Obama picks a fight with talk radio – and loses

Political Editor
Washington Examiner
September 10, 2009

Democrats beat Republicans soundly in 2008. But they’re losing the fight with their current opponent – conservatives on the Internet, radio, and television.

It was the wrong battle for President Obama and his party to pick in the first place, but the policy decisions and mistakes made since the Democratic takeover have shifted the battle to even less favorable terrain.
Worse still, the fight is only just beginning.

The strategy early on in the administration was to mock talkers like Rush Limbaugh and Glenn Beck. Remember the weeks of discussion over whether Limbaugh was the head of the GOP? That was back in the days when the White House was feeling invincible and thought it was a grand idea to make the idea of making Republicans affirm or reject every statement Limbaugh made in 15 hours of weekly pontification.

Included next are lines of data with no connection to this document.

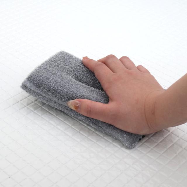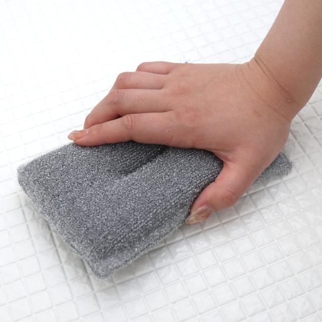 しっかりと目が詰まったループ糸が浴槽の汚れを絡めとります。水だけで汚れが落ちるので入浴ついでに掃除もできます。洗剤が不要で洗い流す必要がなく、時短とエコを両立できる便利なスポンジです。
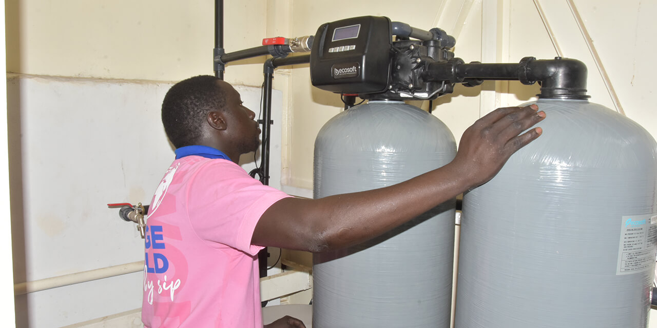 Construction included a technical room with a solar system. Based on microbiological and physicochemical analyses, a BWT Ecosoft system was installed, which removes the too high iron content in the water. With the new filter system, the drinking water now meets WHO standards and so two villages and 3,700 residents benefit from this new drinking water installation.
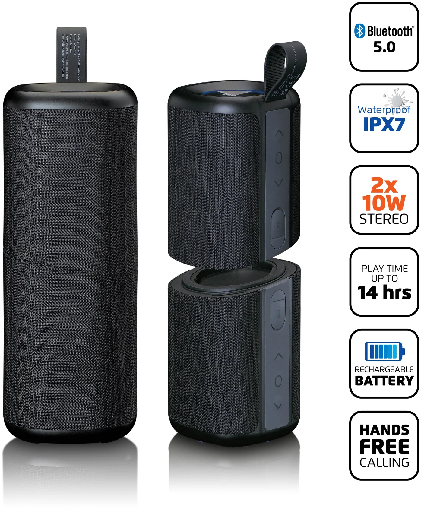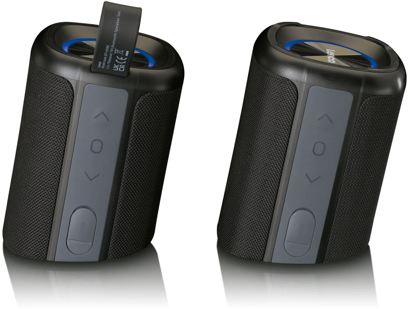 Dankzij de True Wireless Stereo (TWS) functie werken de speakers naadloos samen zonder dat er kabels aan te pas komen. Voor extra sfeer zijn de speakers voorzien van een LED-ring die knippert op het ritme van de muziek. Maak je geen zorgen als het feestje buiten is of naast het zwembad; de Lenco BTP-400BK is waterbestendig met een IPX7-classificatie, waardoor hij zelfs een duik in het water kan overleven.
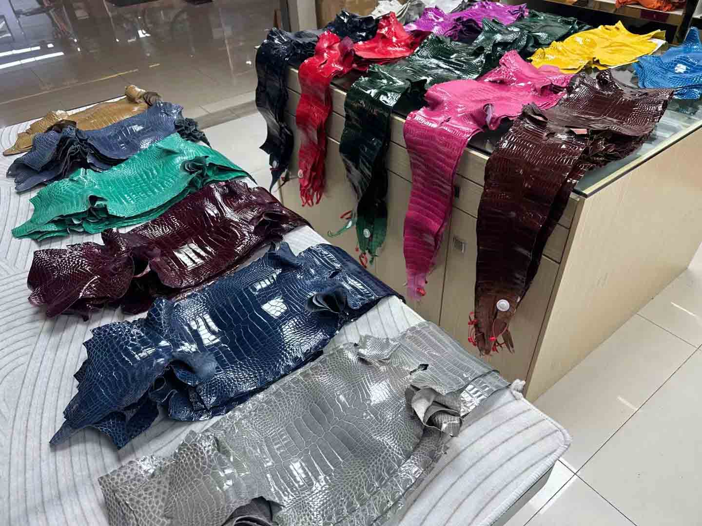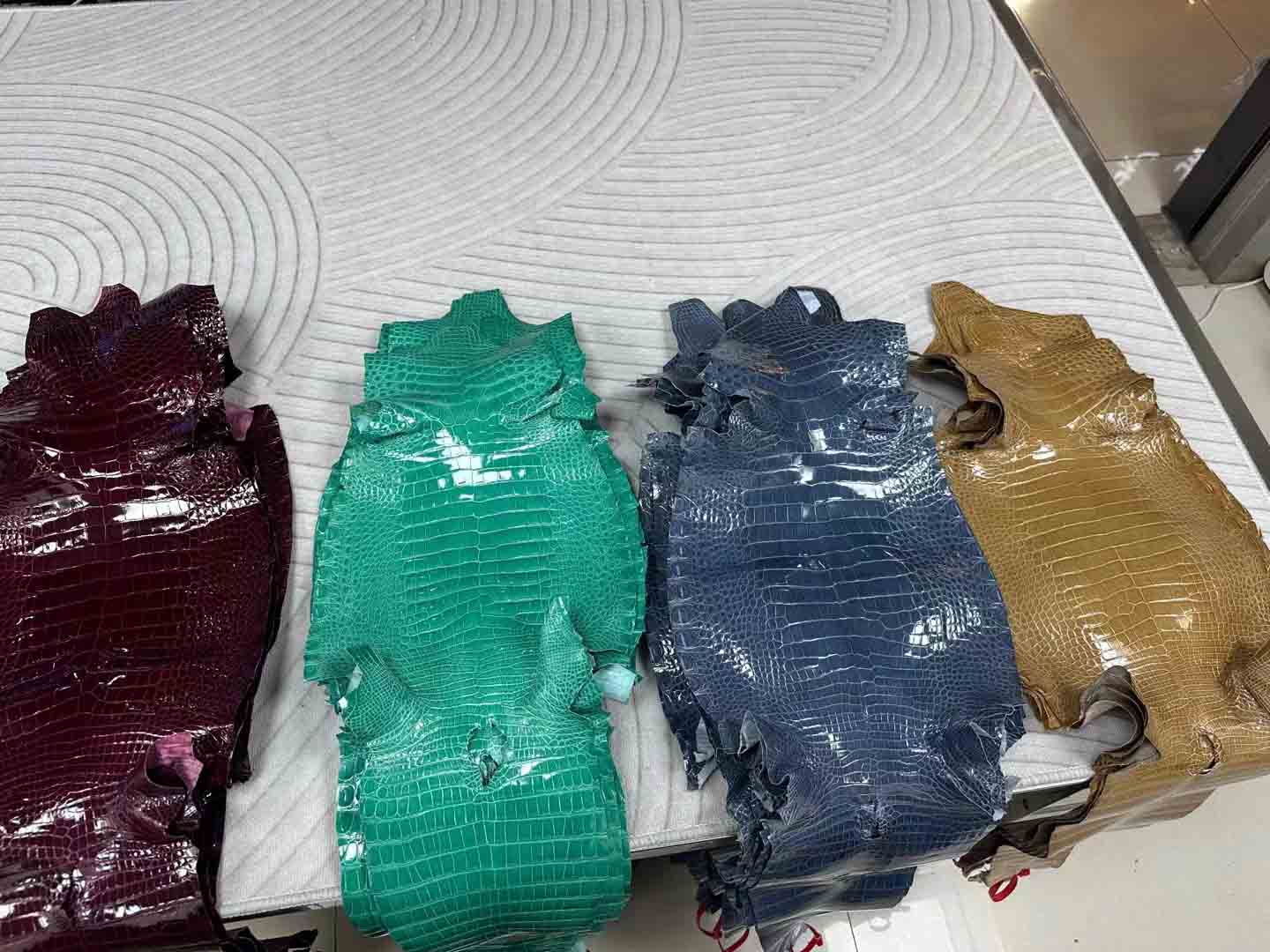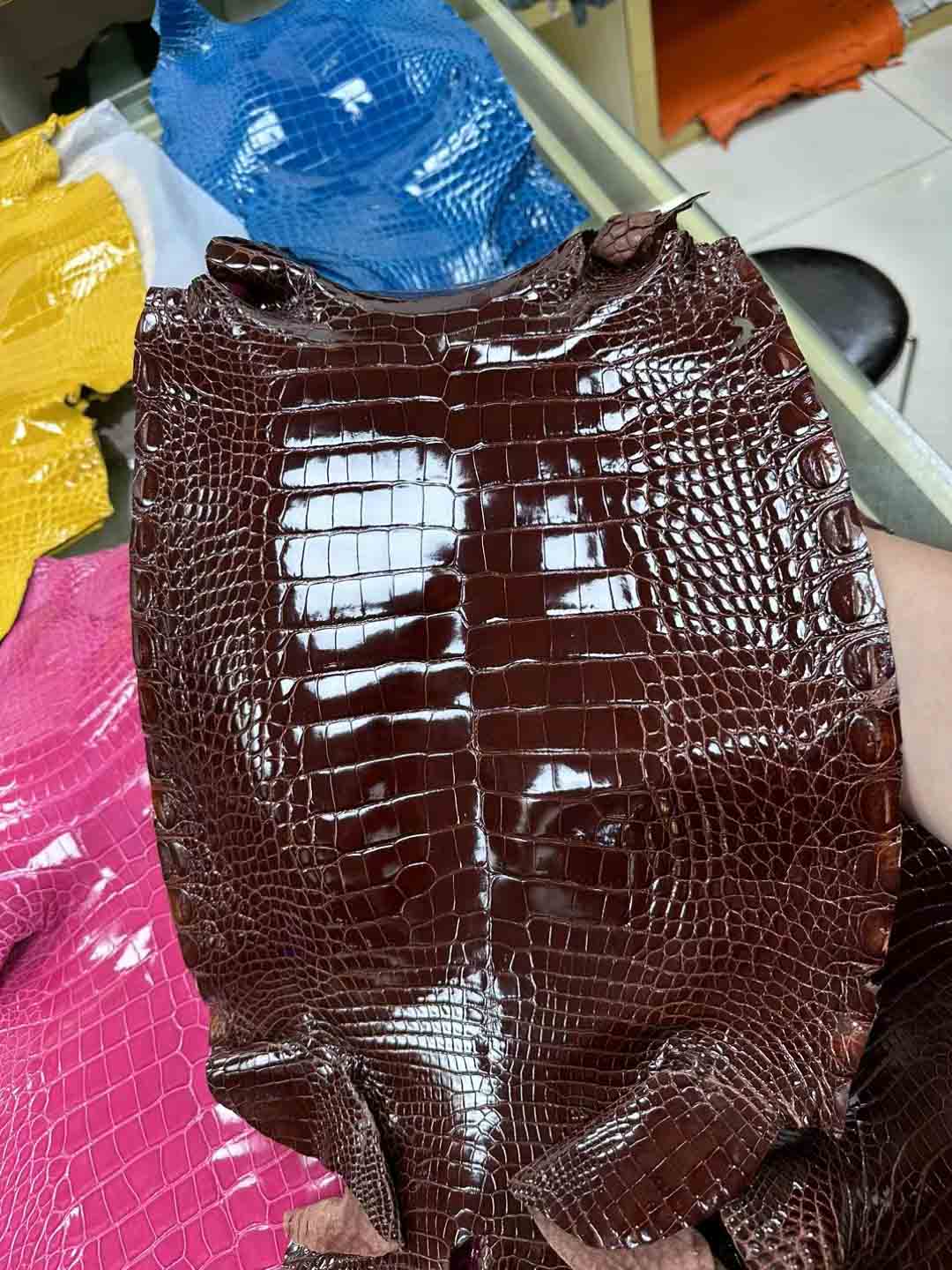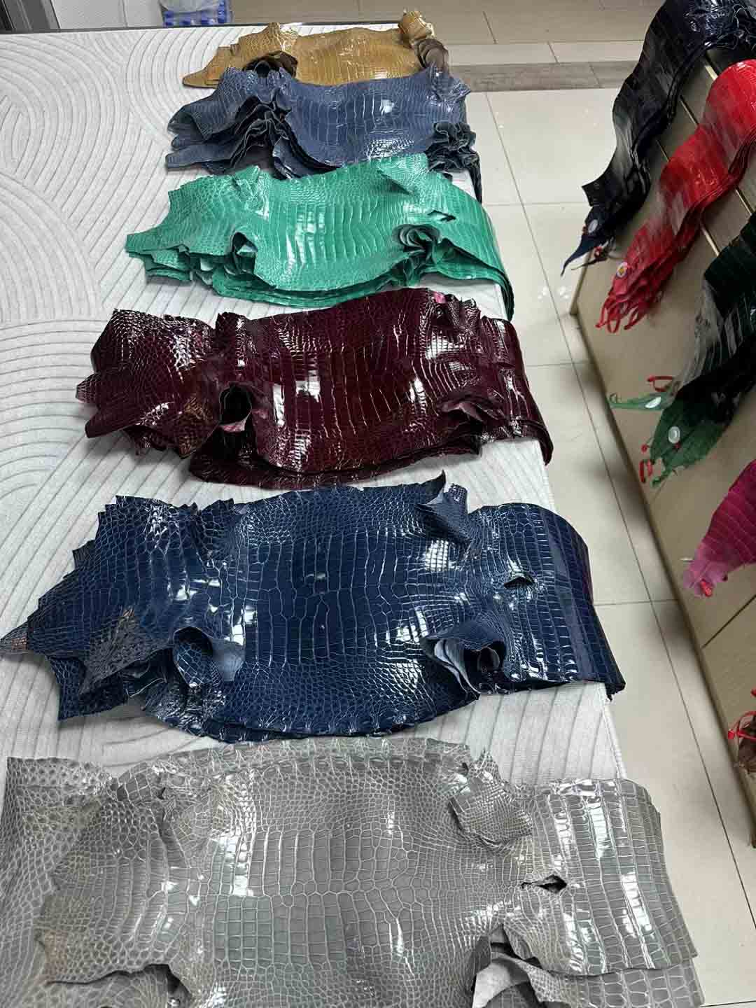玛瑙打磨高光美洲鳄鱼皮,可以做皮带男女大包铂金。鳄鱼肚皮经过鞣制染色之后,做成了各种颜色,但是没有亮度,要达到光亮效果,必须用玛瑙进行打磨抛光,也增加了皮的柔软性,做出来的产品也是光彩夺目,非常漂亮!

Conservative outlets were going to fight the president’s initiatives and their millions of listeners, viewers, and clickers were already predisposed to oppose government expansion. But what if elected Republicans could be forced to choose between the popular, young, history-making president and figures who fire up the Republican base but turn off the middle third of the electorate? By Axelrodian reckoning, this could simultaneously hurt the GOP with moderates and dispirit the Right.

Then came Guantanamo.

Dick Cheney didn’t seem to care whether Rush Limbaugh was the head of the party or if Colin Powell felt included. What he did care about was saying that bringing terrorists into the United States was a horrible idea.

Obama slapped back, but the Democratic Congress came down on Cheney’s side. Since then, the administration has been playing musical interrogation rooms.